=== Saved data entries ===

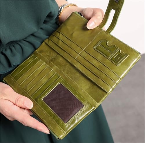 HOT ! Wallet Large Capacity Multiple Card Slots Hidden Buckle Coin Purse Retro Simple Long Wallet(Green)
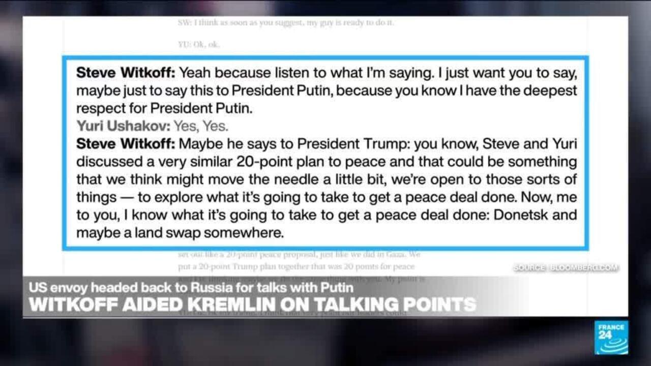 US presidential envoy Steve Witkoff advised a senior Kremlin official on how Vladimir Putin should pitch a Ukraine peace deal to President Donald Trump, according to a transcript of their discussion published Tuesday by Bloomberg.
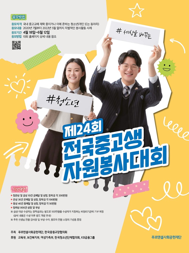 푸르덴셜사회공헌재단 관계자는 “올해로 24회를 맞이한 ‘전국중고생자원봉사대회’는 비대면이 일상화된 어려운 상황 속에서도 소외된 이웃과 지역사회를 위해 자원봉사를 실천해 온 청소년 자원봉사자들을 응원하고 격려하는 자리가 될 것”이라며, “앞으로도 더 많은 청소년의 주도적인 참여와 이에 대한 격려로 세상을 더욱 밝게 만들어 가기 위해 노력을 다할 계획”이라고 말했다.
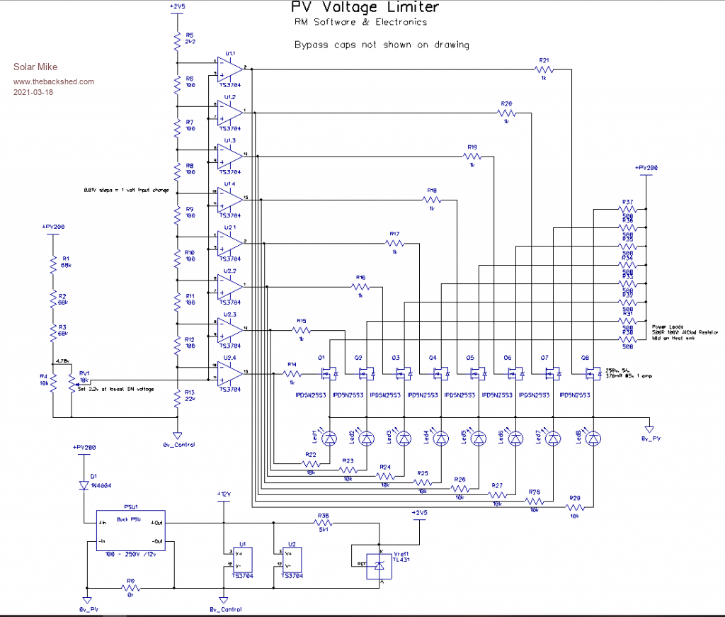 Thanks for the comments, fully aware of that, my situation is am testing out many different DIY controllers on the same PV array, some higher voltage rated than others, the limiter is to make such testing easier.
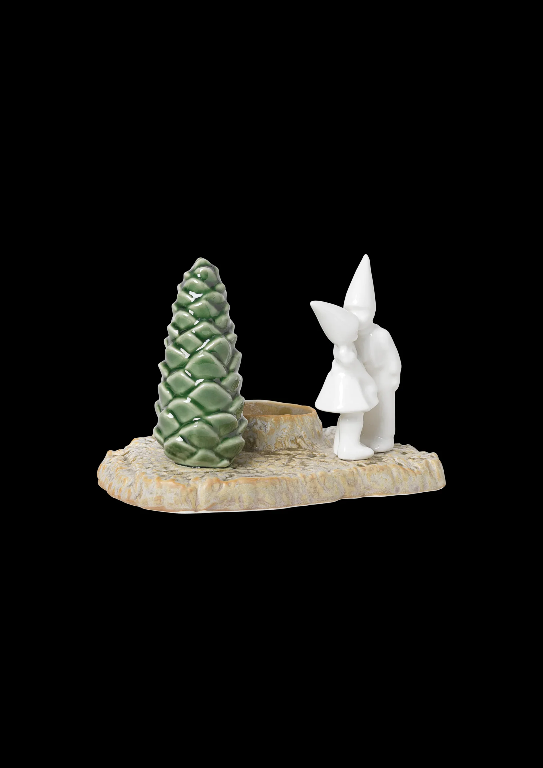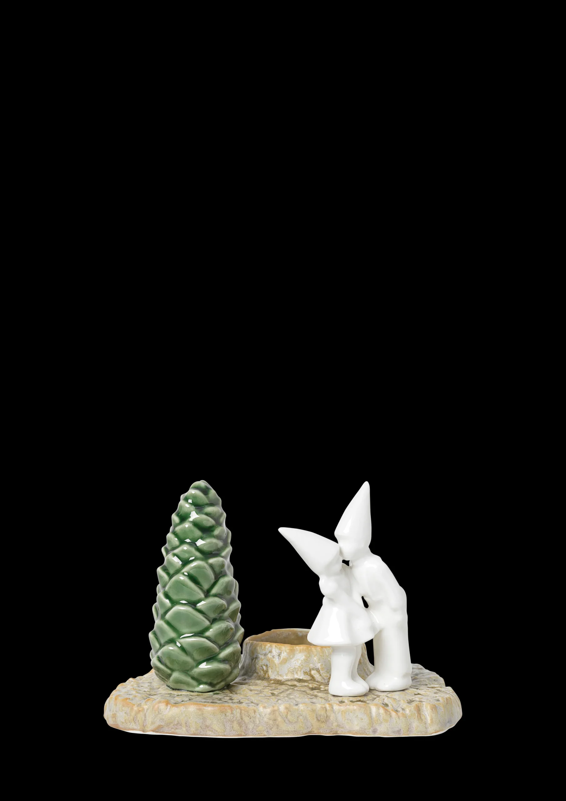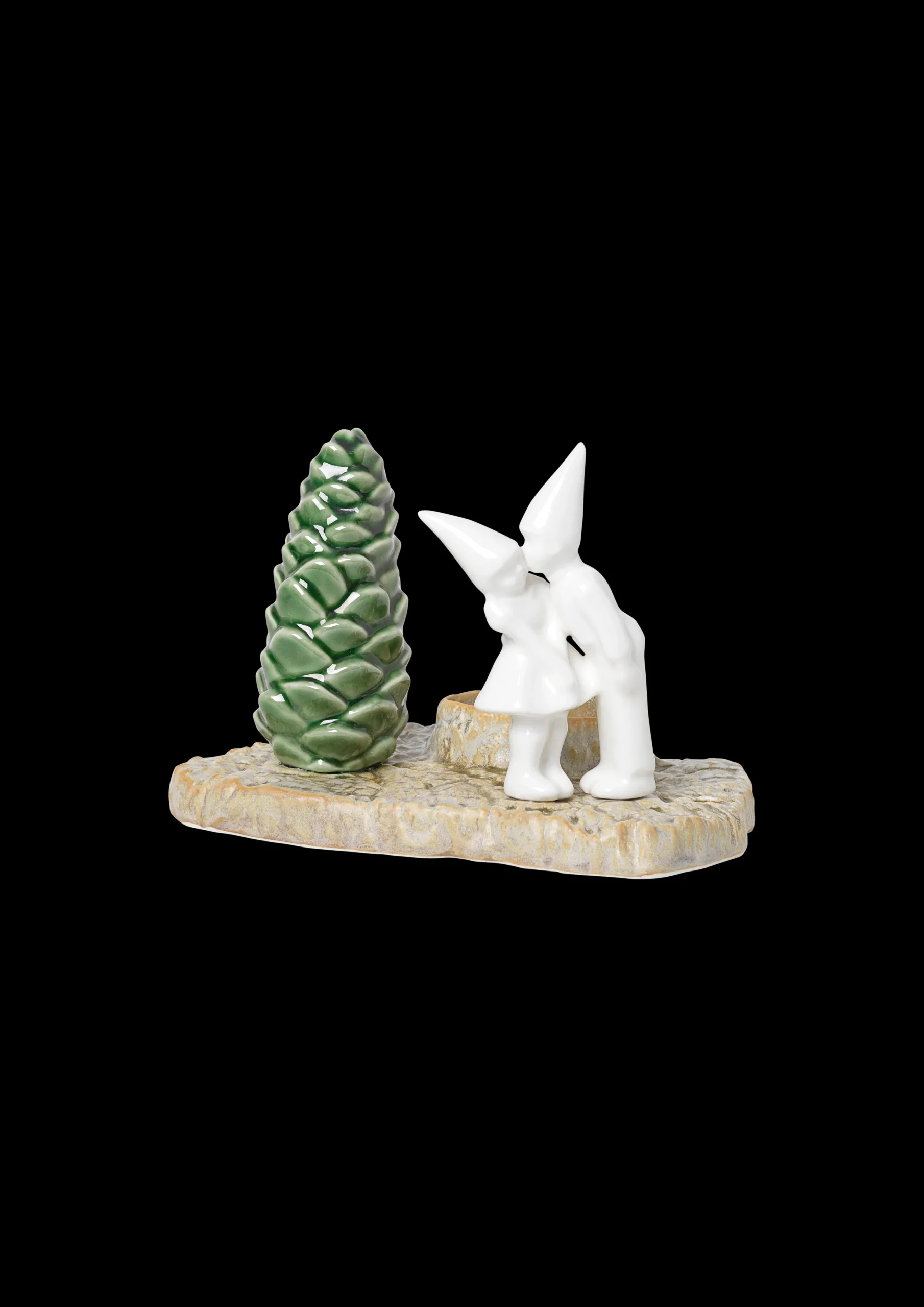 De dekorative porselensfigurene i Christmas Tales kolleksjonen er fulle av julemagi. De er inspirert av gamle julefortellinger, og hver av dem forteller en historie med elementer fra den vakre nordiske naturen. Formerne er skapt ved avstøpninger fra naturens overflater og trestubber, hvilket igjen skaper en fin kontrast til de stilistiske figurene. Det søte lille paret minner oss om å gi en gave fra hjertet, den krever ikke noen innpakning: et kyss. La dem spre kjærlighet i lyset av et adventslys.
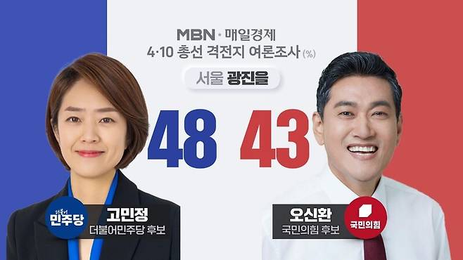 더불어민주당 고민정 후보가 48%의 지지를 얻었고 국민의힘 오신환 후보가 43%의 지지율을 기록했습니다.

=== Directions ===
Omit the pictures; restate every entry word for word.

=== Exercise response ===
 HOT ! Wallet Large Capacity Multiple Card Slots Hidden Buckle Coin Purse Retro Simple Long Wallet(Green)
 US presidential envoy Steve Witkoff advised a senior Kremlin official on how Vladimir Putin should pitch a Ukraine peace deal to President Donald Trump, according to a transcript of their discussion published Tuesday by Bloomberg.
 푸르덴셜사회공헌재단 관계자는 “올해로 24회를 맞이한 ‘전국중고생자원봉사대회’는 비대면이 일상화된 어려운 상황 속에서도 소외된 이웃과 지역사회를 위해 자원봉사를 실천해 온 청소년 자원봉사자들을 응원하고 격려하는 자리가 될 것”이라며, “앞으로도 더 많은 청소년의 주도적인 참여와 이에 대한 격려로 세상을 더욱 밝게 만들어 가기 위해 노력을 다할 계획”이라고 말했다.
 Thanks for the comments, fully aware of that, my situation is am testing out many different DIY controllers on the same PV array, some higher voltage rated than others, the limiter is to make such testing easier.
 De dekorative porselensfigurene i Christmas Tales kolleksjonen er fulle av julemagi. De er inspirert av gamle julefortellinger, og hver av dem forteller en historie med elementer fra den vakre nordiske naturen. Formerne er skapt ved avstøpninger fra naturens overflater og trestubber, hvilket igjen skaper en fin kontrast til de stilistiske figurene. Det søte lille paret minner oss om å gi en gave fra hjertet, den krever ikke noen innpakning: et kyss. La dem spre kjærlighet i lyset av et adventslys.
 더불어민주당 고민정 후보가 48%의 지지를 얻었고 국민의힘 오신환 후보가 43%의 지지율을 기록했습니다.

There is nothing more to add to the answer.